Are they right that Ramsey’s mortgage advice is unrealistic for most Americans — or are these risk-averse recommendations reasonable? Here’s the math.
U.S. homes sold in Dec. 2023 went for a median price of $402,045, according to Redfin. For simplicity’s sake, let’s say you buy a $400,000 home with a 20% down payment of $80,000, leaving you with a mortgage principal amount of $320,000.
With a 15-year fixed rate mortgage at 6.66% — the rate as of Feb. 14 — you would have to make a monthly mortgage payment of around $2,815.
For those payments to be no more than 25% of your monthly take home pay, you’d need to earn at least $11,260 per month before taxes — and that doesn’t factor in additional housing costs such as property tax, home insurance and utilities.
(Excerpt) Read more at moneywise.com ...
consider is a conventional, fixed-rate mortgage with a 15-year (or less) term. Your monthly mortgage payment also shouldn’t exceed 25% of your take home pay.
Sounds like smart advice.
Another option that I used is to get a 30 year mortgage and pay it off early by doubling payments. You have some control over the amount of interest paid.
It’s ideal to get a 15 year mortgage, but a 30 year mortgage gets you a bigger better house and it’s better than renting.
If you can’t afford to buy a house, you can’t afford to buy a house. And his target market isn’t folks that have good financial discipline.
Ideal would be to buy a house with a 30 year mortgage, and then make an extra payment PP&I payment every month. But his customers aren’t likely to actually do that.

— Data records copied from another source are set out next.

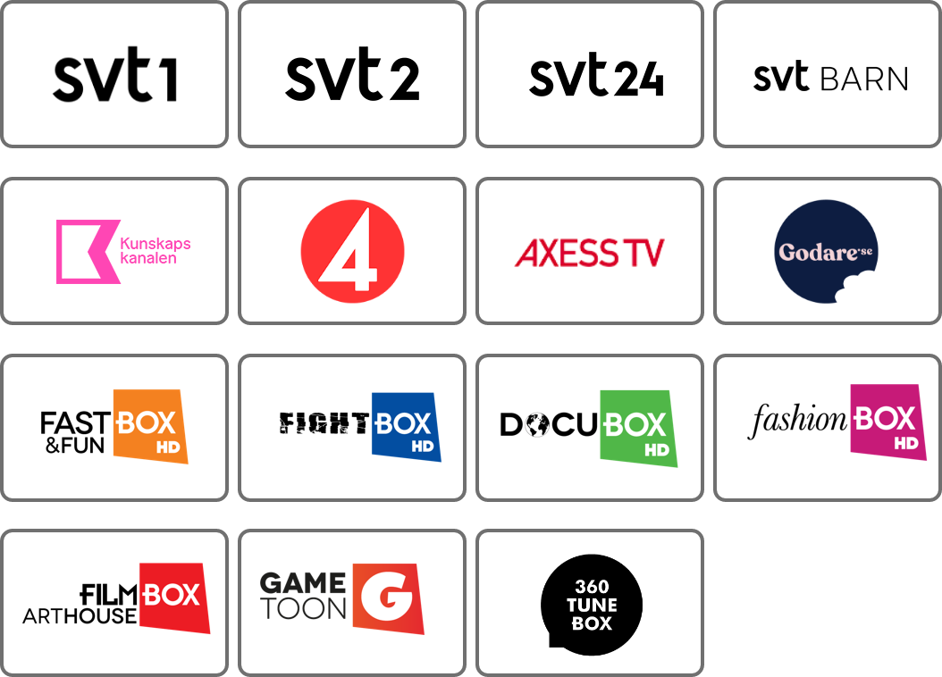 SVT1, SVT2, SVT24, SVT Barn/Kunskapskanalen, TV4, Axess TV, Godare, DocuBox, FashionBox, Fast&FunBox, FightBox, GameToon, FilmBox Arthouse och 36o TuneBox. Samt Play-biblioteken SVT Play, TV4 Play och Axess TV.
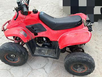 Quad 75cc Sport – Motore perfetto – Ideale per imparare." Vendo splendido Quad 75cc color rosso fiammante, perfetto per ragazzi e bambini che vogliono approcciarsi al mondo del fuoristrada. Il mezzo è stato usato con cura in campagna e il motore è un vero orologio: parte subito e non ha mai dato problemi meccanici. Sella con apertura rapida (comodissima per manutenzione). Accensione elettronica.Estetica sportiva e telaio robusto.Motore 4 tempi affidabile e dai consumi bassissimi. Note: Il mezzo presenta alcuni segni di usura dovuti al divertimento (vetro stop posteriore rotto e luci anteriori da rivedere). La batteria, se il quad resta fermo a lungo, potrebbe aver bisogno di uno spunto con i cavi, ma una volta acceso va che è una meraviglia. Freni da regolare per massima precisione. Prezzo: 500,00 leggermente trattabile.No offerte ridicole.
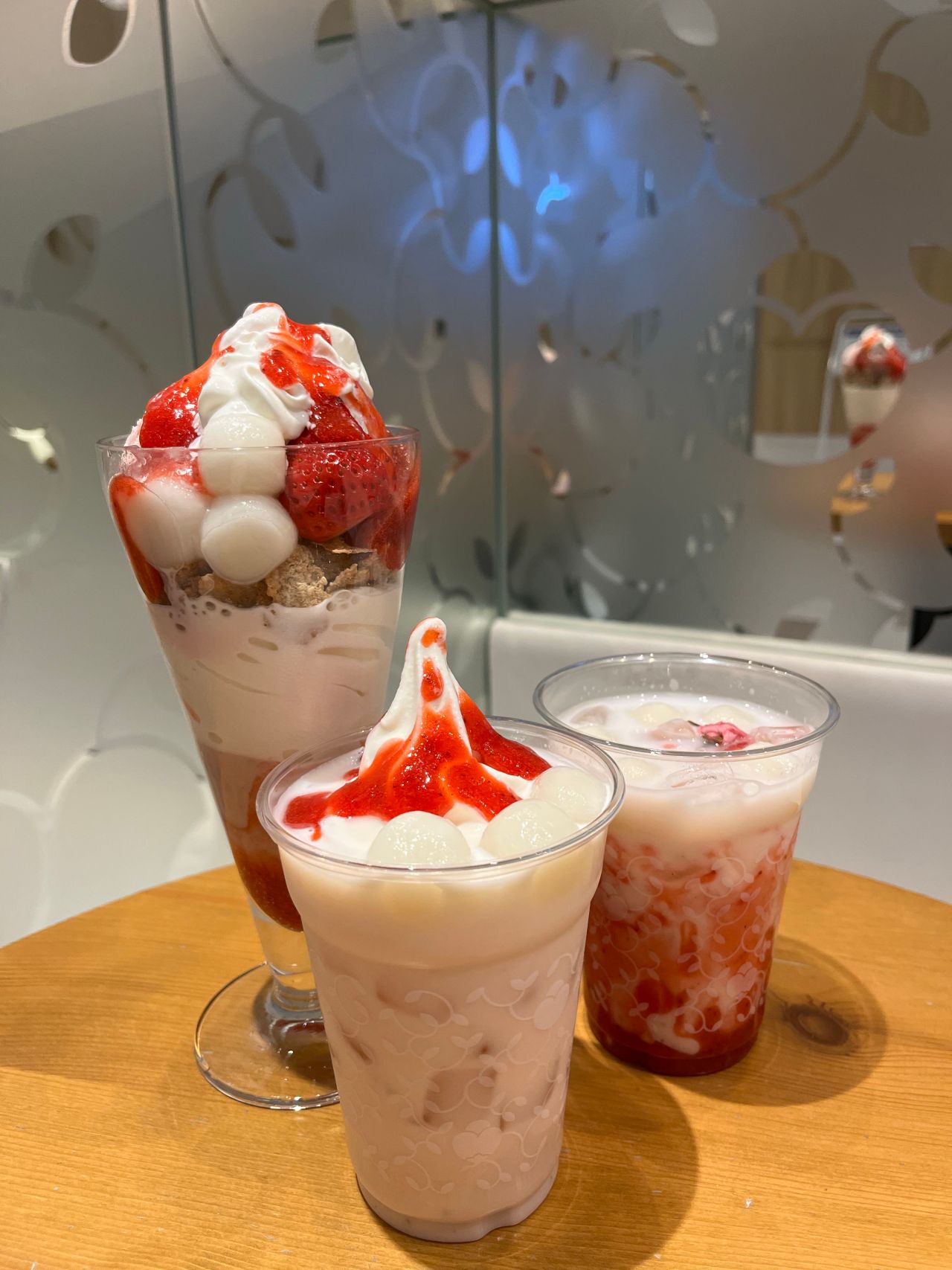 桜ストロベリーパフェと桜ストロベリー白玉ラテ、
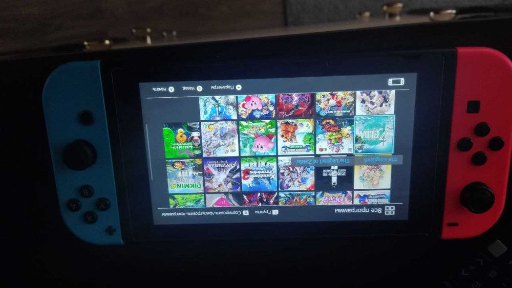 У комплекті: сама консоль, док-станція, тримач для джойконів, нунчаки для джойконів, необхідні кабелі та Switch Pro Controller. Джойкони не дрифтять та люфтять, все ідеально.
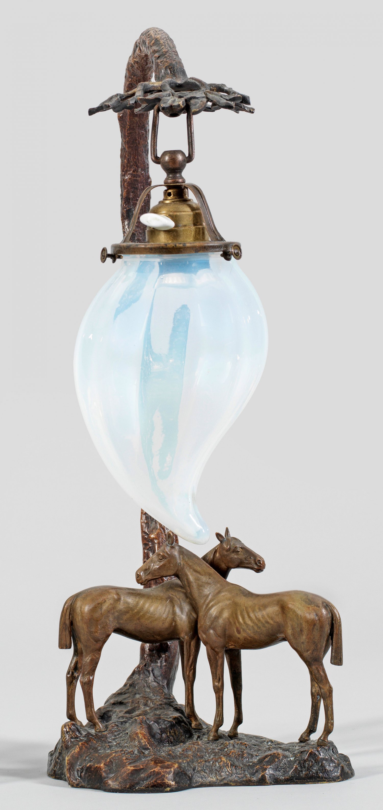 Figürliche Jugendstil-Tischlampe mit Pferdepaar 1-flg.; Bronze, in Brauntönen patiniert; längsoptisch geblasener Opalglaschirm; Messingfassung mit Porzellanschalter. Fuß mit zwei vollplastischen Pferden auf unregelmäßiger Plinthe, der Schaft als gebogter Baumstamm mit kleiner Blattkrone als Aufhängung für den flammenförmigen Schirm. Ohne Verkabelung. H. 50 cm.
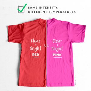 - Compare better-performing colours against each other to narrow down on your dimensions even more, for example: if clearer colours made you look more glowing (compared to greyer tones) then try to compare cooler clear colours to warmer clear colours to try work out your optimal colour temperature, or try to compare lighter clear colours to darker clear colours to figure out your best darkness level; or, if warmer colours seemed more natural-looking than cooler tones then try to compare clearer warm colours to more muted ones to find your best level of vibrancy or compare lighter warm tones to darker ones to work out your optimal darkness levels and so on.
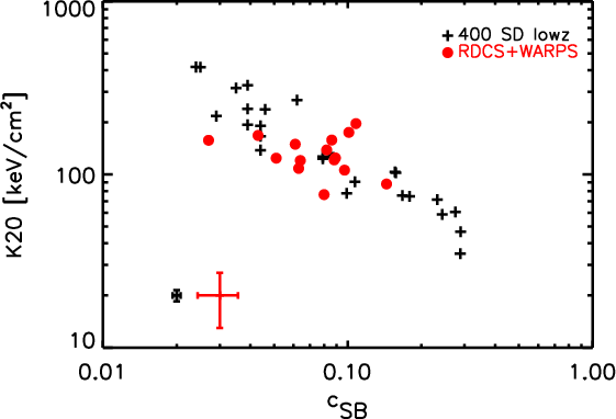 and (iii) 15 clusters drawn from the Rosat Distant Cluster Survey and the Wide Angle Rosat Pointed Survey, with median
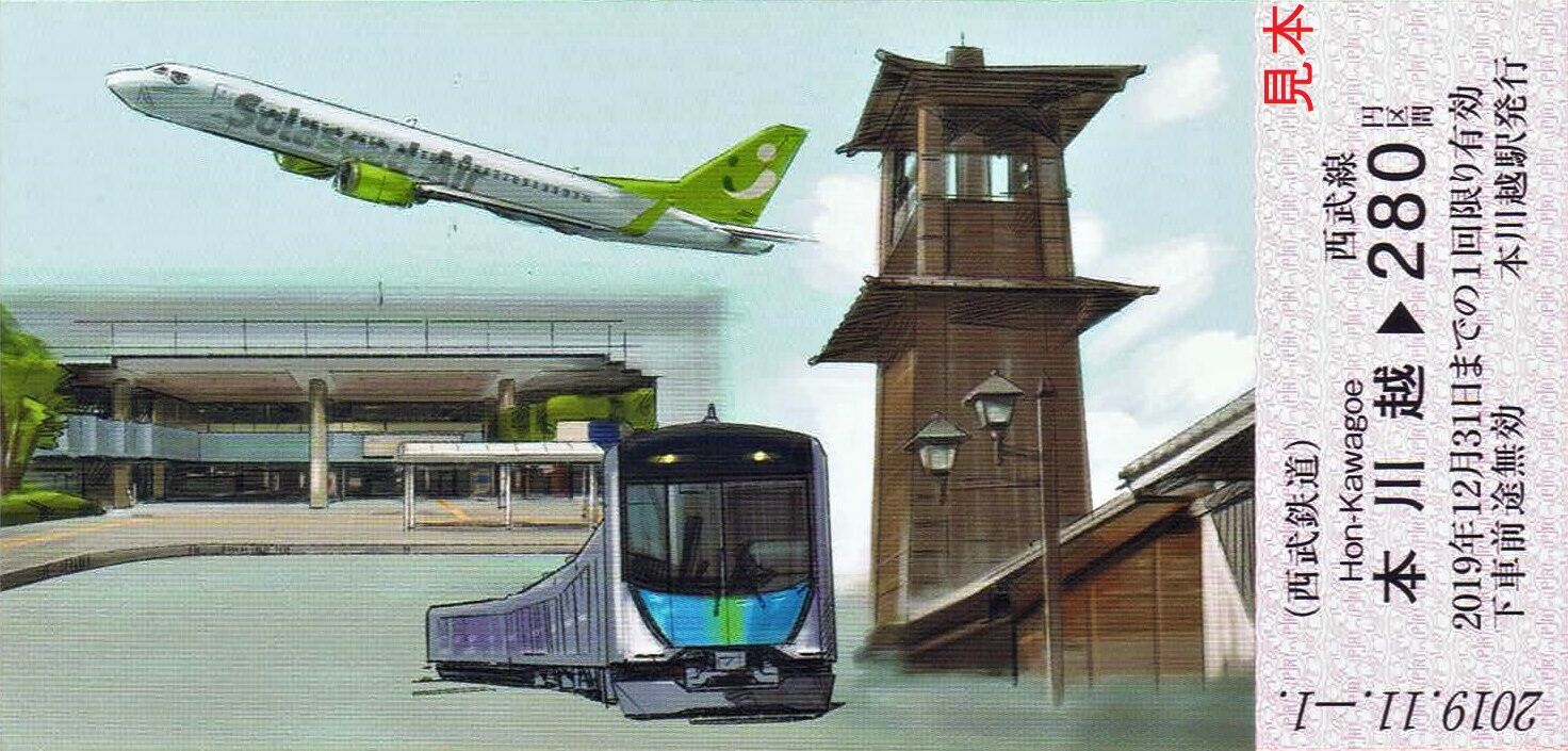 西武鉄道版は新宿線・本川越駅で発売されました。同駅から280円区間が有効な乗車券で、本川越駅舎、川越の街並みと西武鉄道40000系電車、ソラシドエアの機材のイラストによるデザインです。2,000枚限定。
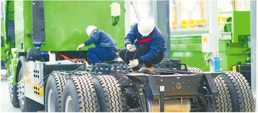 2月22日,在位于青島國(guó)際院士港智能制造產(chǎn)業(yè)園里的青島德先新能源汽車制造有限公司,技術(shù)工人正在組裝氫燃料電池自卸車,為自卸車提供強(qiáng)勁動(dòng)能的,是裝在一個(gè)大箱子里的氫動(dòng)力系統(tǒng)——“燃料電堆”。
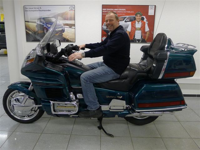 Gerry Wetter war in den letzten beiden Jahren bei mir in der Ausbildung und hat am 17.Okt. 2012 erfolgreich seine Prüfung bestanden. Da sich seine Freundin aus gesundheitlichen Gründen nicht auf seinen Honda VF750 Custom setzen kann, hat er sich nun ein bequemeres «Sofa», eine Honda GoldWing Sechszylinder zugelegt. Seine 750er ist übrigens zu verkaufen! Beides steht nun an prominenter Stelle in seinem Show-Raum. Auf dem Bild: Der sichtlich erleichterte (weil Prüfung bestanden) Gerry auf seiner stolzen Neu-Erwerbung. Die Maschine hat übrigens Beck Zimmermann gehört, bei dem ich regelmässig zum Zmittag gehe.
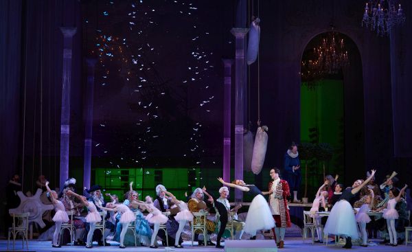 Jürgen Flimm zieht als Regisseur des Abends noch einmal alle Register seiner Kunst, treibt einen ungeheuren szenischen Aufwand, was sehr unterhaltsam, aber manchmal das musikalisch zarte Werk fast erschlagend wirkt. Zwar ist die Bühne schlicht gehalten, ein riesiger karg ausgestatteter Saal mit Ansätzen einer Bühne (George Tsypin), einiges, sich im Raum verlierendes Mobiliar, im Hintergrund ein Gemälde, ein Schiff im Sturm zeigend, das später durch das einer Landschaft ersetzt wird. Üppig wird es beim Personal, das nicht nur aus dem vom Libretto vorgesehenen besteht, sondern aus Scharen von Bühnenarbeitern, Ballettratten, Tänzerinnen, ja einem Wotan und Butterfly nebst Suzuki, die im Reigen mitmarschieren. Die sind samt und sonders in ständiger Bewegung, das Geschehen unterstreichend, konterkarierend oder einfach sich selbst genügend, Konfetti werfend, während es von oben Flaumfedern regnet. Höchst phantasievoll in Farben schwelgend ist die Lichtregie von Olaf Freese. Eine wahre Pracht sind die Kostüme von Ursula Kudrna, die in fröhlicher Unbekümmertheit den Zeitraum vom Barock bis zum Zweiten Kaiserreich umfassen, aber auch Gegenwartskleidung taucht ab und zu auf, vor allem beim musiklosen Vorspiel.

Same thing with his credit card advice - he says pay off smallest to largest. Ideal would be pay off highest to lowest interest rate, but he knows that his customers need to be able to see progress to stay with the program.
This property bubble and un-affordability can continue for a very long time.
The US is heading in the direction of other countries, which suffer from socialist central-planning, large debt burdens, government policies that limit housing supply, inflation, lower-standard of living for working-class, etc... - where buying a home involves generations contributing to payments and bubbles are kept going for decades
I’m thinking of places like China, Japan, or even now Canada.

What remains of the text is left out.